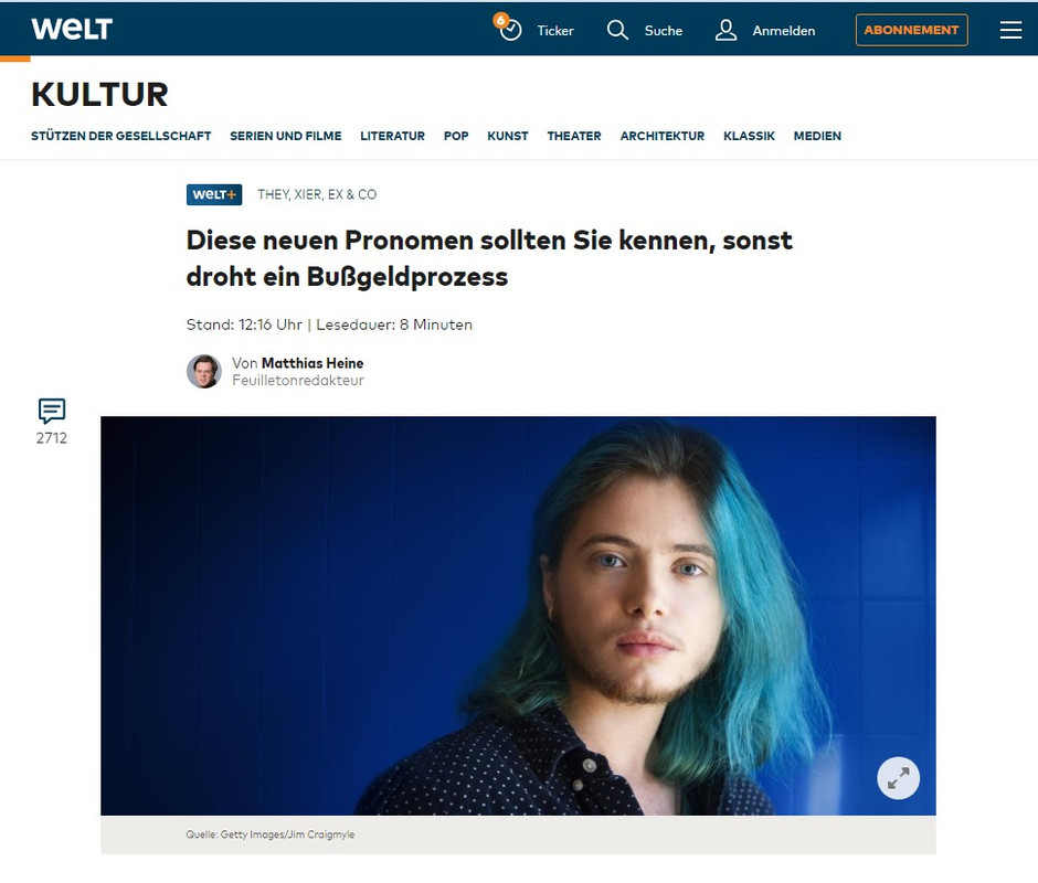 Неправильное применение гендерных местоимений в Германии вскоре будет грозить штрафом в размере до €10000, пишет Die Welt. С первого августа здесь вступает в силу «Закон о самоопределении». Активисты нетрадиционной ориентации уже предвкушают множество судебных исков.
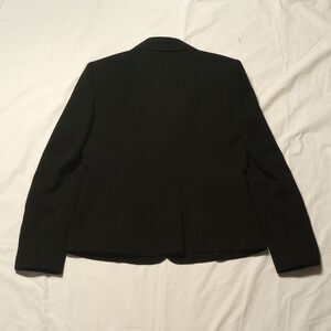This barely worn suit jacket even has shoulder pads! Pit to pit is 18 inches and shoulder to bottom hem is 23 inches.
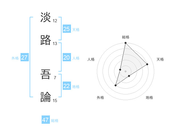 淡路 吾論さんを姓名の画数から五運を鑑定
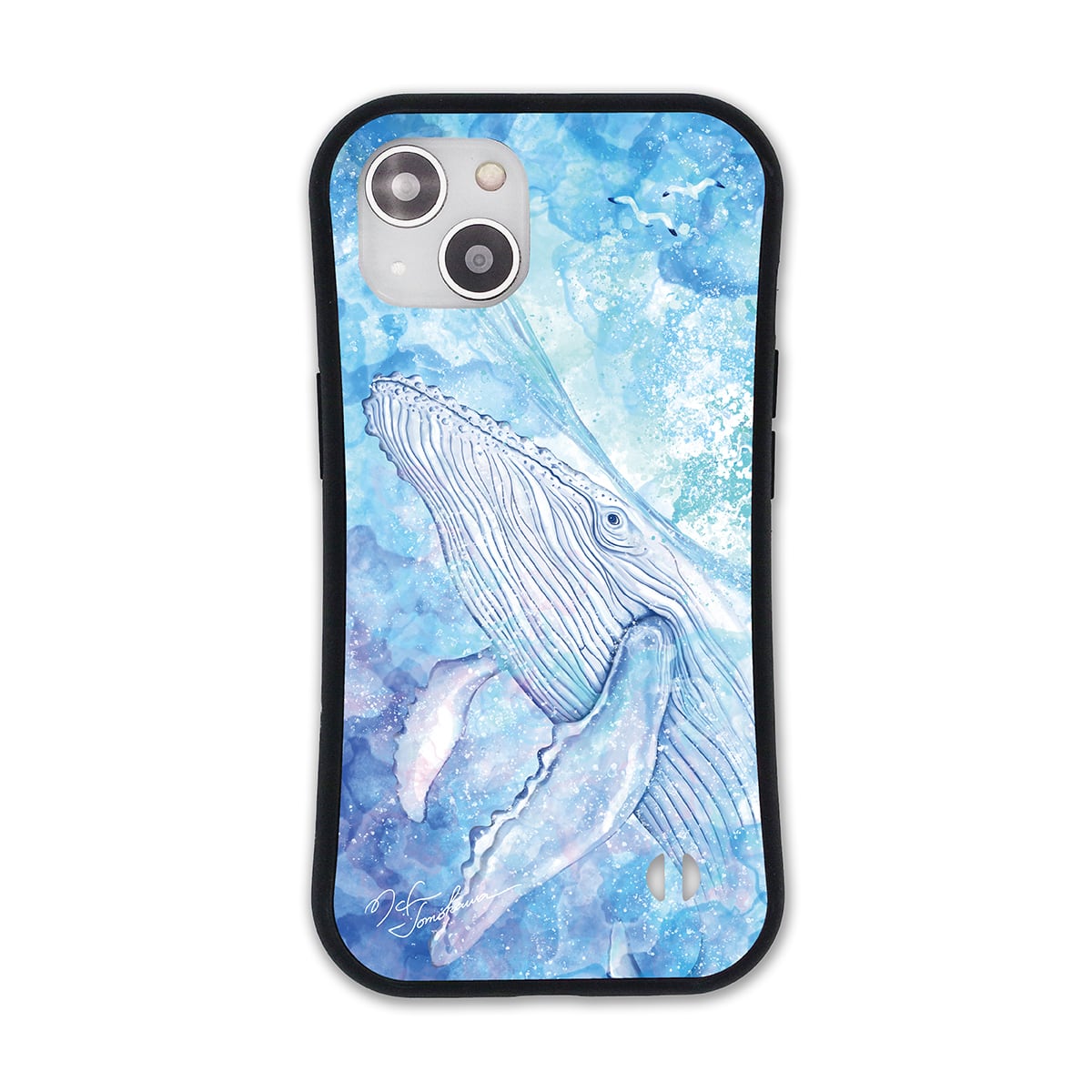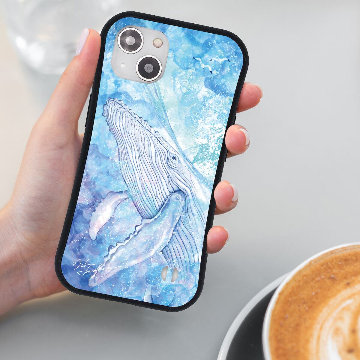 広大な青い海を泳ぐ白いクジラを描いたiPhoneケースです。
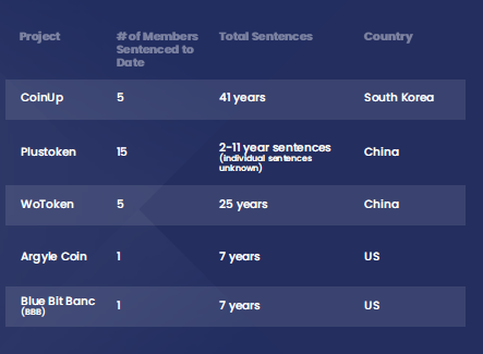 С 2012 года по 71 проекту было возбуждено уголовное дело, в результате чего было арестовано 411 человек. У PlusToken, который украл у инвесторов около 2,25 млрд долларов США, было наибольшее количество арестов: 109 человек были арестованы за свою роль в схеме, 27 из которых, как считается, сыграли ключевую роль.
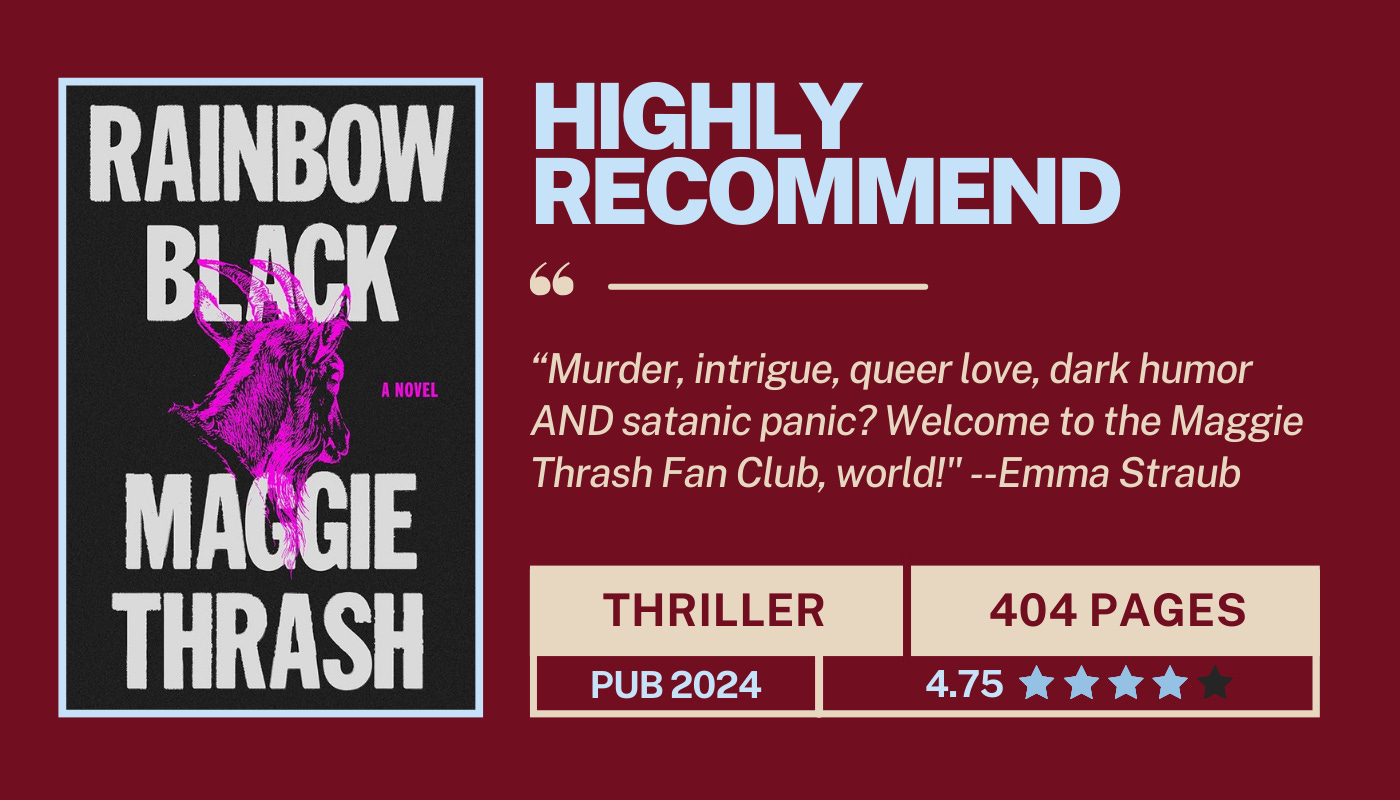This is the longest book I have read in one sitting as an adult, and I cannot think of higher praise than that. I can’t remember who I saw recommend this on TikTok (it was probably Celine or Bridget) but I immediately grabbed it from the library and found myself awake way past my bedtime, completely engrossed. Lacey Bond has a seemingly satisfactory life in the 1980s, living on a farm with her mother and father who run a daycare from their home. One day, Lacey’s life is upended when her parents are accused of and arrested for dozens of horrific acts allegedly perpetrated against the children who attend the daycare. The accusations against her parents are inspired by real life events that occurred during the Satanic Panic of the 80s2, particularly the McMartin Daycare case. Following the arrest, Lacey’s circumstances continue to spiral as she endures loss and finds love in the unlikeliest of people and places. This book is a complex look at queer relationships, the way our past can consume our present, and identity in all senses of the term. Read when you have a fully free evening to dedicate.
★ ★ ★
Try it - The answer is those lines of the material above that run from the one containing "広大な青い海を泳ぐ白いクジラを描いたiPhoneケースです。" up to and including the one containing "С 2012 года", restated exactly and without images.

Expected answer -
 広大な青い海を泳ぐ白いクジラを描いたiPhoneケースです。
 С 2012 года по 71 проекту было возбуждено уголовное дело, в результате чего было арестовано 411 человек. У PlusToken, который украл у инвесторов около 2,25 млрд долларов США, было наибольшее количество арестов: 109 человек были арестованы за свою роль в схеме, 27 из которых, как считается, сыграли ключевую роль.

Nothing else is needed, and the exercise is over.